Kaz Gozdz

Kazimierz (Kaz) Gozdz, Ph.D.

Kaz Profile 1

Kazimeirz “Kaz” Gozdz is the principle at Helix Group, an organizational development company based in Alamo, California.

Kaz is a founding member of the Society for Organizational Learning (SoL), originally the MIT Center for Organizational Learning (OLC) where he started in 1994 as a Researcher, given latitude and encouragement to research and explore the emerging concept of learning communities. He was living in Menlo Park, California at the time, working on his Ph.D. in transpersonal psychology, and commuting to Boston for his internship at the OLC.

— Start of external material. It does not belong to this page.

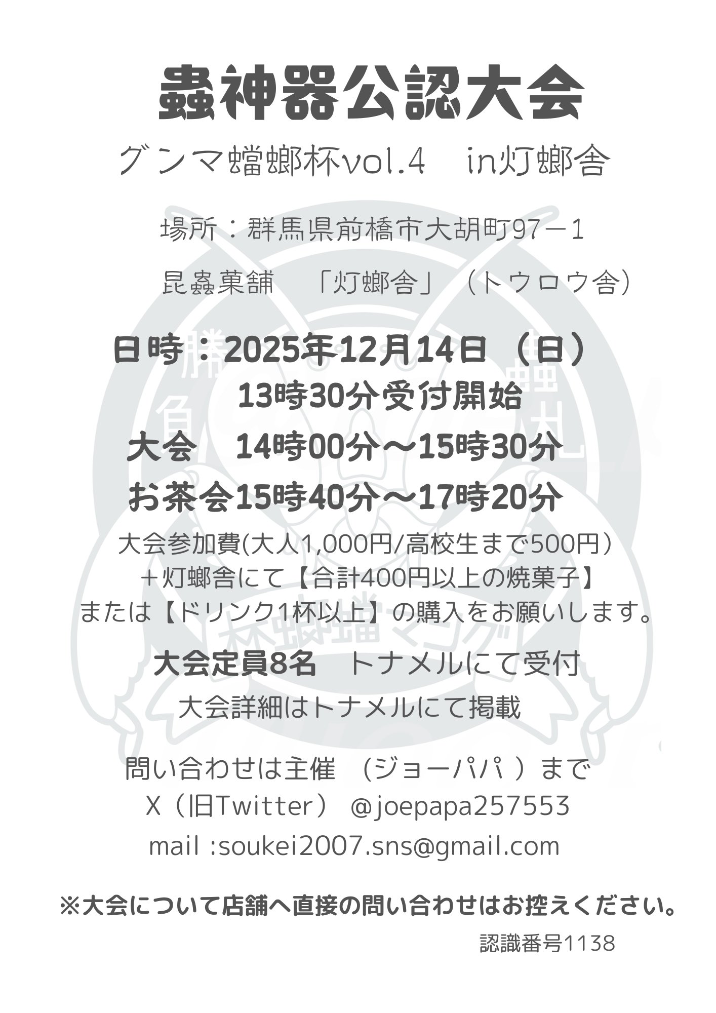 12月14日(日)は、ジョーパパ(@joepapa257553)さん主催の蟲神器公認大会《グンマ蟷螂杯》開催に伴う店舗貸切営業のため、12時〜17時の間は大会参加者様以外はご入店いただけません。

Preferring applied research, he comes from the pragmatist tradition, applying theory, testing it in real world situations, and validating truth claims through direct experience. He has a constructivist view and was trained as a practitioner to be anti-skeptical, believing it is best to proceed with some degree of confidence with what he’s come to know and shift his thinking as he discovers where he is wrong or the truth he is acting on is partial.

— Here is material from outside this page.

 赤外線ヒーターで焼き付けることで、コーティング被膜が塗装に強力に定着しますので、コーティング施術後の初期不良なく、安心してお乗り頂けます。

Before arriving at the OLC, he had spent nearly a decade practicing with Scott Peck and others trained by him to lead individuals, groups and organizations through a set of community-building practices that facilitate groups to function at a higher developmental level integration than their cultural norm.

In the early through late 1990’s he worked with Michael Ray, then Professor of Creativity and Innovation and Marketing at Stanford’s Graduate School of Business, as a collaborator in designing and teaching the “New Paradigm in Business” class.

Another contributor to his work was Willis Harman, a former Stanford engineering professor who was then the President of the Institute of Noetic Sciences, and also a member of the World Business Academy. Harman’s Center for Educational Policy Research and Center for the Study of Social Policy at SRI International had produced groundbreaking studies on the kinds of educational processes needed for long-term, sustainable economic and social systems. His book, Global Mind Change, offered a clear understanding of the kind of paradigm shift we need.

Kaz worked with The Decurion Corporation for a decade as the architect of their transformation into a developmental learning organization.  After Decurion he has gone on to work with other large and small businesses.

With Joseph Jaworski Kaz helped to develop the Generon International Practice Model, and was part of the dialogue that became the book, Source, the inner path to knowledge creation.

At this point in his career, Kaz is integrating his accumulated knowledge and experience into a program that he hopes to share with others who are ready for a new paradigm of business and learning.